To do
A verbatim copy of the full data, with no pictures, is the expected answer.

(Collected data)
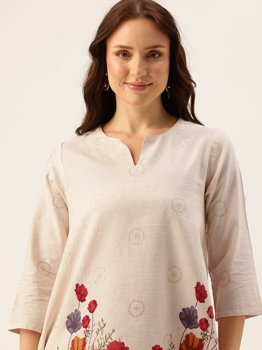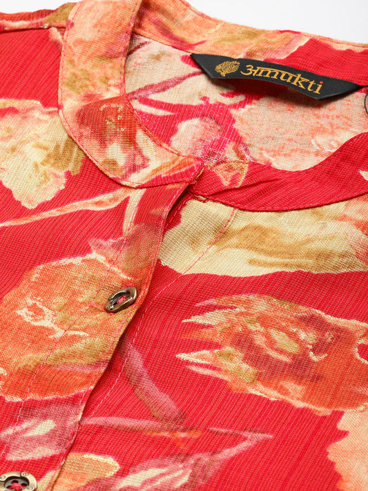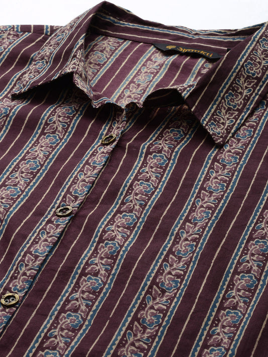 Maroon Pure Cotton Striped Printed Straight Kurta
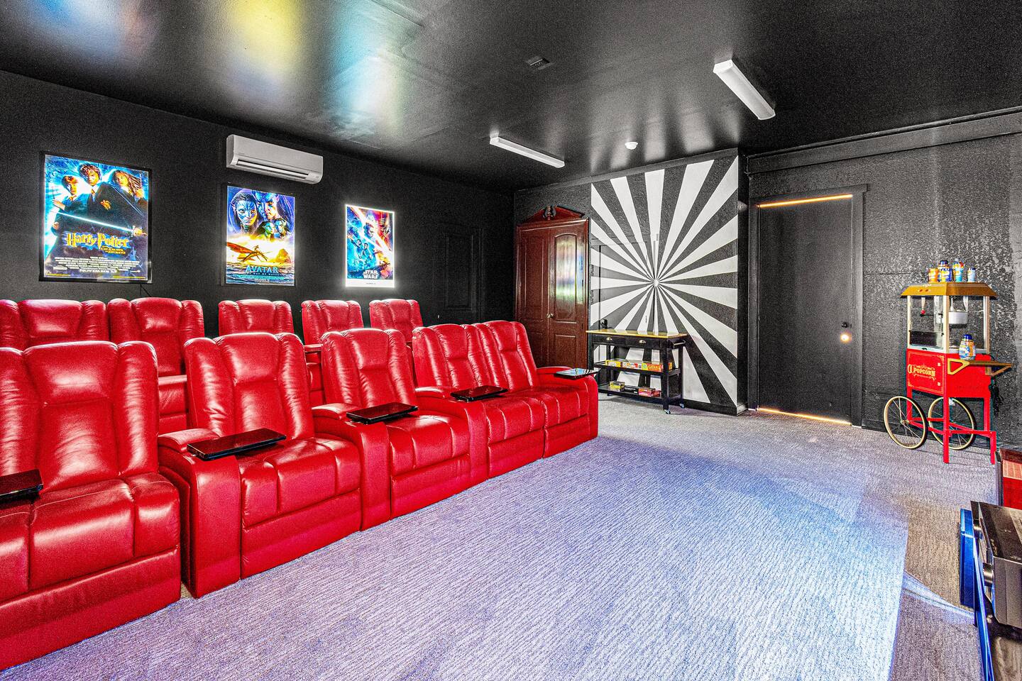 ☀ Luxurious Home Theater: 10 cushy leather recliners, backlit movie posters
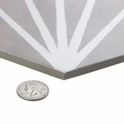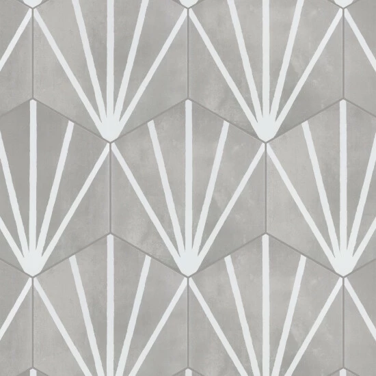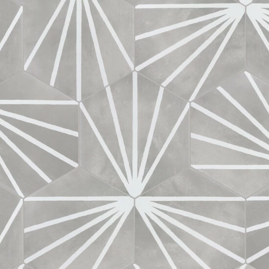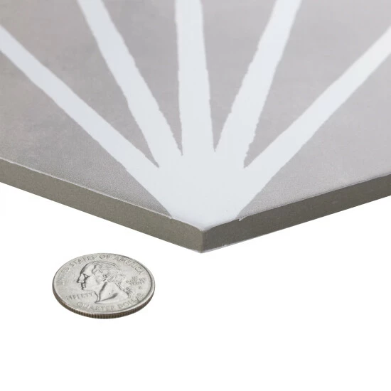 Our Horizon Dusk Hex Gris Ceramic Floor and Wall Tile is an innovative blend of playful tones, soft textures, and geometric motifs. This hexagon tile features white lines that extend across a soft grey base glaze to create a captivating starburst pattern. With a smooth, matte surface, this ceramic tile can blend into virtually any design theme, ranging from contemporary projects to traditional installations. Its impervious and frost-resistant features make it an ideal choice for indoor and outdoor installations including kitchens, bathrooms, backsplashes, showers, and entryways. Tile is the better choice for your space. This tile is made from natural ingredients, making it a healthy choice as it is free from allergens, VOCs, formaldehyde, and PVC.
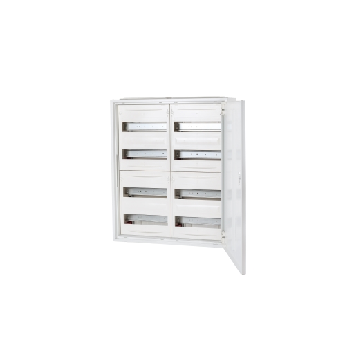 FV 2-4; 2-voudig, 4-rijig, 96 modules; Paneelverdeler; Kastdiepte 165 mm; Royale kabelinvoeren onder, boven en achter per paneelbreedte; Bovenste en onderste kabelinvoer met doordrukmembraan, dus snelle en eenvoudige bediening zonder extra gereedschap; Alle afdekkingen met zijdelingse schotten; Vanaf drie paneelbreedtes met dubbele deur; Verschillende slotvarianten mogelijk - ook DIN-cilinderslot; Incl. 1 x ZSSKN34 en 1 x ZSSKPE34 insteekklem per paneel; Materiaal: plaatstaal, hoogwaardige poedercoating.
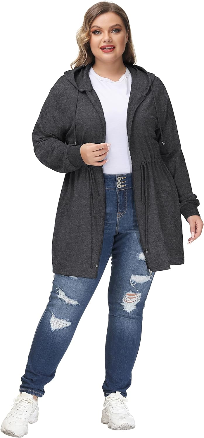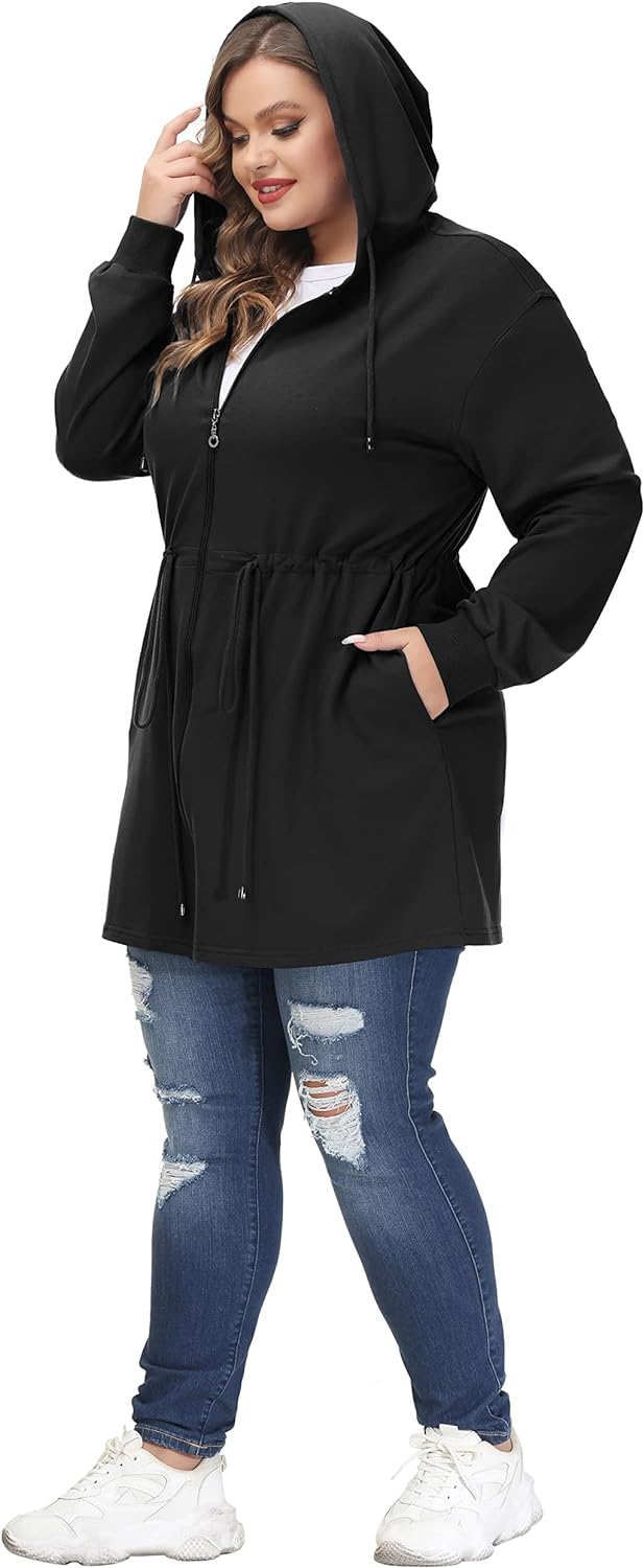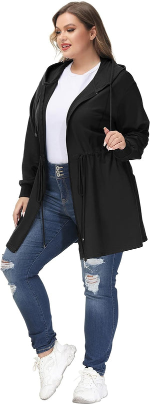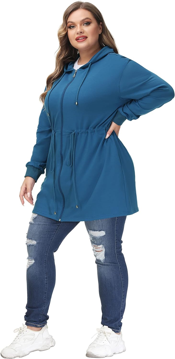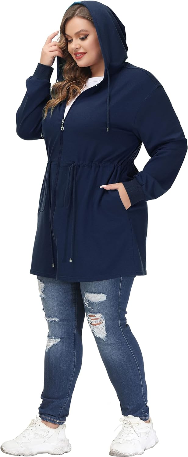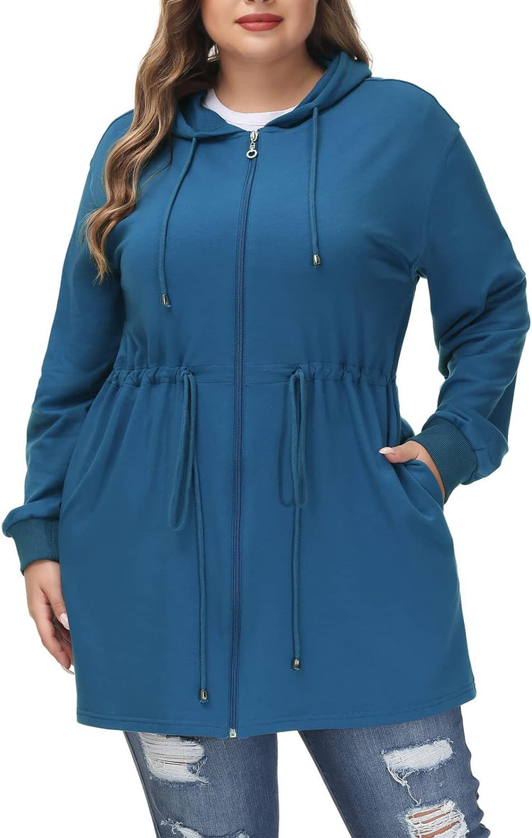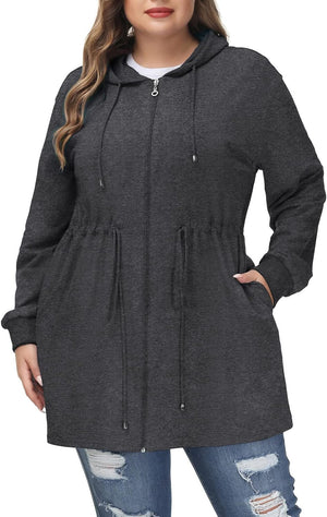 Hanna Nikole Plus Size Hoodies for Women Zip Up Casual Drawstring Sweatshirt with pockets
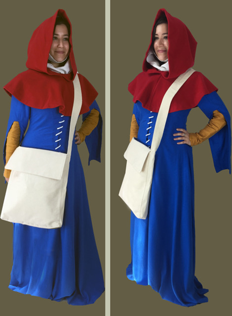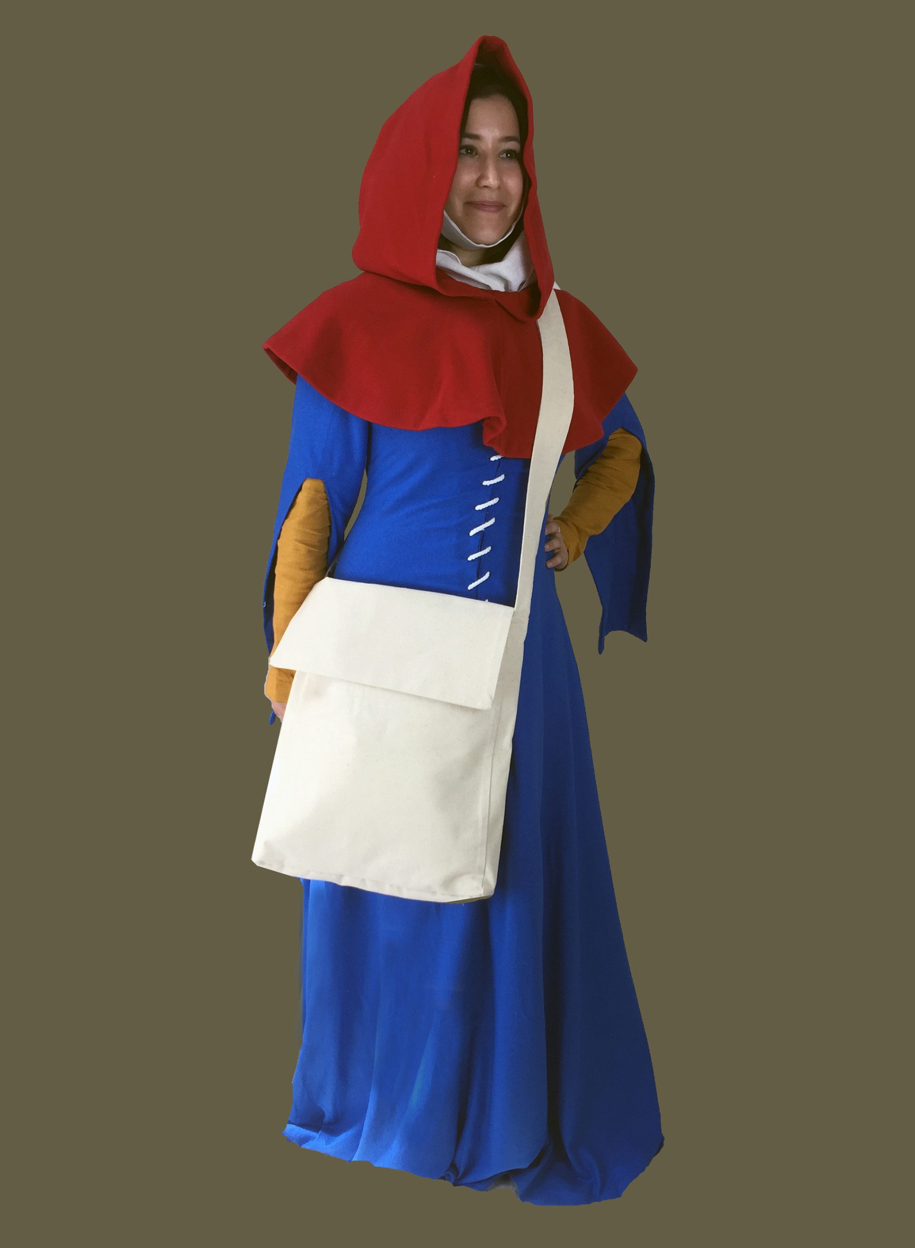 Our Market Bag with our Frontlace Gown, Kirtle, Wimple, Wool Short Tail Hood
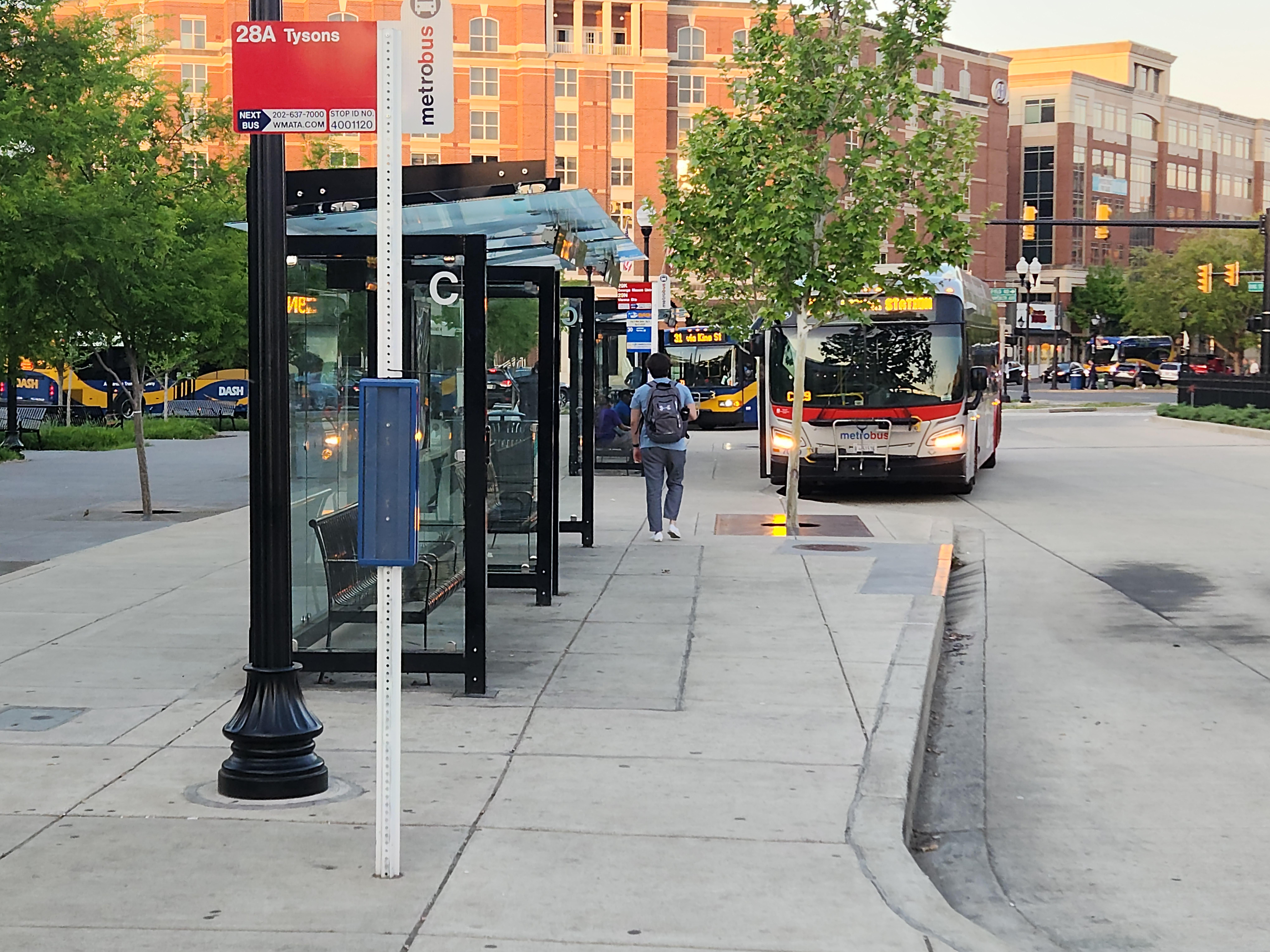 The Mark Center Transit Center, created in 2011 to serve new federal employees from the BRAC realignment, features 6 bus stops serving 19 different bus routes, including local DASH to WMATA to commuter buses and private shuttles. More than 1,100 passengers use this facility on a normal (pre-COVID) weekday. Currently, City & DASH staff are working with property owners to expand the existing transit center as part of the redevelopment of an adjacent parcel.

Your solution
 Maroon Pure Cotton Striped Printed Straight Kurta
 ☀ Luxurious Home Theater: 10 cushy leather recliners, backlit movie posters
 Our Horizon Dusk Hex Gris Ceramic Floor and Wall Tile is an innovative blend of playful tones, soft textures, and geometric motifs. This hexagon tile features white lines that extend across a soft grey base glaze to create a captivating starburst pattern. With a smooth, matte surface, this ceramic tile can blend into virtually any design theme, ranging from contemporary projects to traditional installations. Its impervious and frost-resistant features make it an ideal choice for indoor and outdoor installations including kitchens, bathrooms, backsplashes, showers, and entryways. Tile is the better choice for your space. This tile is made from natural ingredients, making it a healthy choice as it is free from allergens, VOCs, formaldehyde, and PVC.
 FV 2-4; 2-voudig, 4-rijig, 96 modules; Paneelverdeler; Kastdiepte 165 mm; Royale kabelinvoeren onder, boven en achter per paneelbreedte; Bovenste en onderste kabelinvoer met doordrukmembraan, dus snelle en eenvoudige bediening zonder extra gereedschap; Alle afdekkingen met zijdelingse schotten; Vanaf drie paneelbreedtes met dubbele deur; Verschillende slotvarianten mogelijk - ook DIN-cilinderslot; Incl. 1 x ZSSKN34 en 1 x ZSSKPE34 insteekklem per paneel; Materiaal: plaatstaal, hoogwaardige poedercoating.
 Hanna Nikole Plus Size Hoodies for Women Zip Up Casual Drawstring Sweatshirt with pockets
 Our Market Bag with our Frontlace Gown, Kirtle, Wimple, Wool Short Tail Hood
 The Mark Center Transit Center, created in 2011 to serve new federal employees from the BRAC realignment, features 6 bus stops serving 19 different bus routes, including local DASH to WMATA to commuter buses and private shuttles. More than 1,100 passengers use this facility on a normal (pre-COVID) weekday. Currently, City & DASH staff are working with property owners to expand the existing transit center as part of the redevelopment of an adjacent parcel.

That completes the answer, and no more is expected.